Mort de Théodore, 17 ans, après une course-poursuite à Chelles : ses parents contestent le rapport de l’IGPN et saisissent la cour d’appel pour rouvrir l’enquête.

Mort de Théodore à Chelles : ses parents portent l’affaire devant la cour d’appel
Deux ans après la mort de leur fils, mot lors d’une course-poursuite avec la police à Chelles, les parents de Théodore refusent de se contenter des conclusions de l’IGPN. Ils ont saisi la chambre de l’instruction pour obtenir de nouveaux actes d’enquête.

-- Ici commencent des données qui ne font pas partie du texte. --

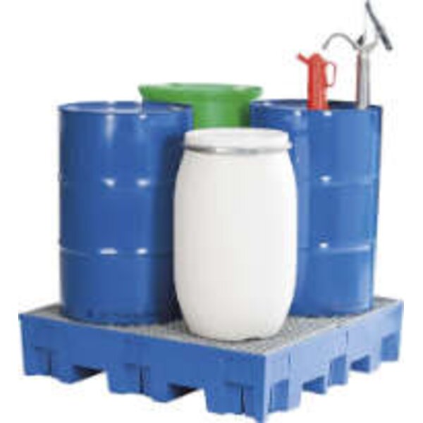-Auffangwanne, aus Polyethylen Diese Auffangwannen sind zur vorschriftsmäßigen Lagerung gewässergefährdender Flüssigkeiten aller Gefährdungsklassen zugelassen. Sie sind hochbeständig gegen Öle, Säuren, Laugen und andere aggressive Stoffe.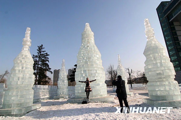 月21日,在吉林省吉林市世紀廣場,一名游客在塔林冰燈前拍照留念。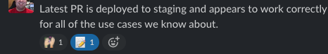 Lastly, after a PagerDuty service is paged using the bot, we don’t have visibility of the status of the PagerDuty incident in Slack. Was the page acknowledged? Did the on-call not respond? Was it escalated and to who? We plan to build automation to follow the PagerDuty incident and report the current status to the incident’s channel. This will also allow us to record the timeline of actions taken in the PagerDuty incident after paging the service.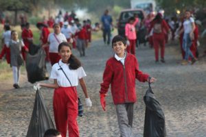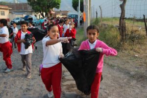 Estudiantes de la escuela José Santana,comandados por la maestra Irene Miranda Navarro,se dieron a la tarea de limpiar de basura a gran parte de la cabecera municipal.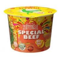 Restaurant style beef noodle soup at its finest is made possible anytime, anywhere, with Lucky Me! Supreme Special Beef.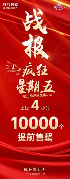 紅豆有禮,約“惠”七夕。7月下旬,在第24屆紅豆七夕節(jié)IP的強(qiáng)力加持下,紅豆居家通過精心策劃的“瘋狂星期五”營(yíng)銷活動(dòng),每周精選一款兼顧舒適悅己與高性價(jià)比優(yōu)勢(shì)的品質(zhì)好物,限時(shí)秒殺、限量搶購,掀起了現(xiàn)象級(jí)消費(fèi)熱潮。首波主推的嬰兒綿舒適文胸在短短10小時(shí)內(nèi)狂銷1萬件,第二波活動(dòng)更攀新高,創(chuàng)下4小時(shí)售罄1.2萬件文胸的驕人戰(zhàn)績(jī),再次證明了“紅豆”品牌背后的硬核產(chǎn)品力和強(qiáng)大市場(chǎng)吸引力。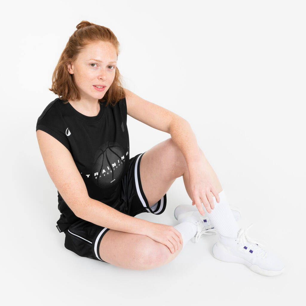 This basketball T-shirt's synthetic fabric (100% polyester) ensures good perspiration wicking (4 stars out of 5 according to normal laboratory standards) to prevent perspiration from staying on the surface of the skin.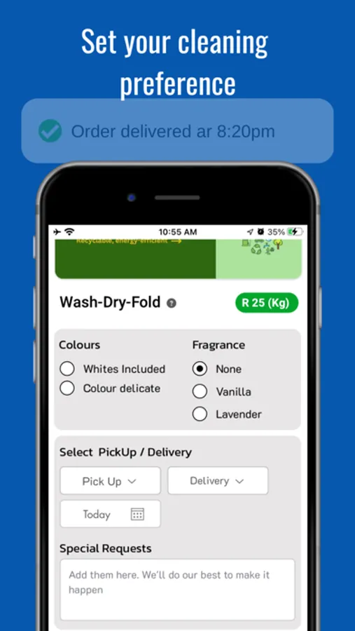 Introducing FoldMe, the laundry delivery app that simplifies your laundry needs. With just a few taps on your smartphone, you can have your laundry picked up, washed, and delivered right to your doorstep. No more hassles of carrying heavy bags of laundry to and from the laundromat or worrying about finding the time to do laundry.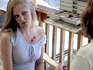 ![]() Amber gets a couple of bite marks applied by spfx guy Rob Merickel |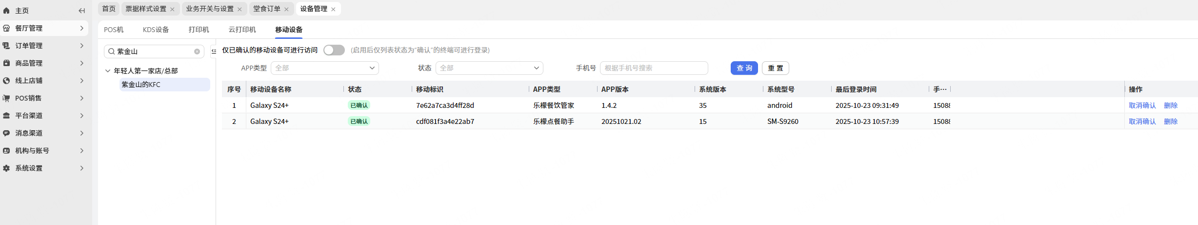 路径:餐厅管理-设备管理-移动设备

Un accident mortel survenu un soir de décembre 2023
Le 8 décembre 2023, peu avant 23 heures, Théodore, 17 ans, circule en scooter avenue Foch, à Chelles (Seine-et-Marne), avec un ami du même âge. Le deux-roues, pris en chasse par deux véhicules de police, se couche sur la chaussée avant de s’encastrer sous une voiture. Les deux adolescents meurent sur le coup.
L’enquête de l’IGPN, chargée d’examiner le comportement des fonctionnaires, conclut à l’absence de faute policière : selon elle, aucun véhicule n’a percuté le scooter. Une version que les parents de Théodore rejettent en bloc.
Une famille qui dénonce une enquête à sens unique
Pour Me Jean-Christophe Ramadier, avocat de la famille, l’enjeu est simple : établir la vérité sur les circonstances de l’accident, plutôt que de s’en tenir au seul récit des policiers impliqués. Patricia, la mère de Théodore, se dit « dégoûtée » par ce qu’elle perçoit comme un parti pris des enquêteurs, qu’elle accuse de n’avoir « rien cherché ».
Le parquet de Meaux, représenté par le procureur Jean-Baptiste Bladier, rappelle que le dossier a été transmis pour règlement en mars, avec la mise en examen pour homicide involontaire des deux personnes ayant fourni le scooter aux victimes. Les parties civiles ont fait appel d’une ordonnance rejetant leurs demandes, notamment celle visant la mise en examen des policiers pour mise en danger d’autrui.
Les zones d’ombre de la course-poursuite
Selon la reconstitution de la famille, tout commence à un feu tricolore à Neuilly-sur-Marne. Le scooter, dont les deux occupants portent un casque, est à l’arrêt dans une file de voitures, encadré par un véhicule de police sérigraphié et une patrouille de la BAC. Patricia, qui a eu accès aux images en tant que partie civile, conteste la version d’un feu rouge grillé ayant justifié la poursuite.
Me Ramadier interroge la proportionnalité de l’intervention : fallait-il engager une course-poursuite nocturne, sur une chaussée mouillée, pour un simple soupçon de refus d’obtempérer, visant un scooter non volé ? Après 2,8 kilomètres de « prise en charge », l’accident se produit lorsque la BAC tente d’intercepter le deux-roues par la gauche avant de se rabattre sur un terre-plein. Une manœuvre que la famille juge dangereuse, et qu’elle estime responsable du changement brutal de trajectoire ayant provoqué la chute fatale.
Une procédure judiciaire qui s’enlise
Les demandes d’actes d’enquête complémentaires formulées par l’avocat de la famille auprès de deux juges d’instruction successifs ont toutes été rejetées. « On se heurte à un mur », déplore Me Ramadier, qui a désormais porté l’affaire devant la chambre de l’instruction de la cour d’appel de Paris.
Patricia évoque également le contexte de l’époque, six mois après la mort de Nahel Merzouk à Nanterre, qu’elle soupçonne d’avoir influencé la conduite de l’enquête initiale. « Nous attendions des réponses, nous n’avons que des questions », résume-t-elle.
Le souvenir d’un « enfant lumière »
Malgré une confiance érodée dans l’institution judiciaire, les parents de Théodore poursuivent leur combat. Patricia garde le souvenir d’un fils « courageux », « sensible » et « plein d’empathie » : « C’était mon soleil », confie-t-elle, la voix marquée par le chagrin.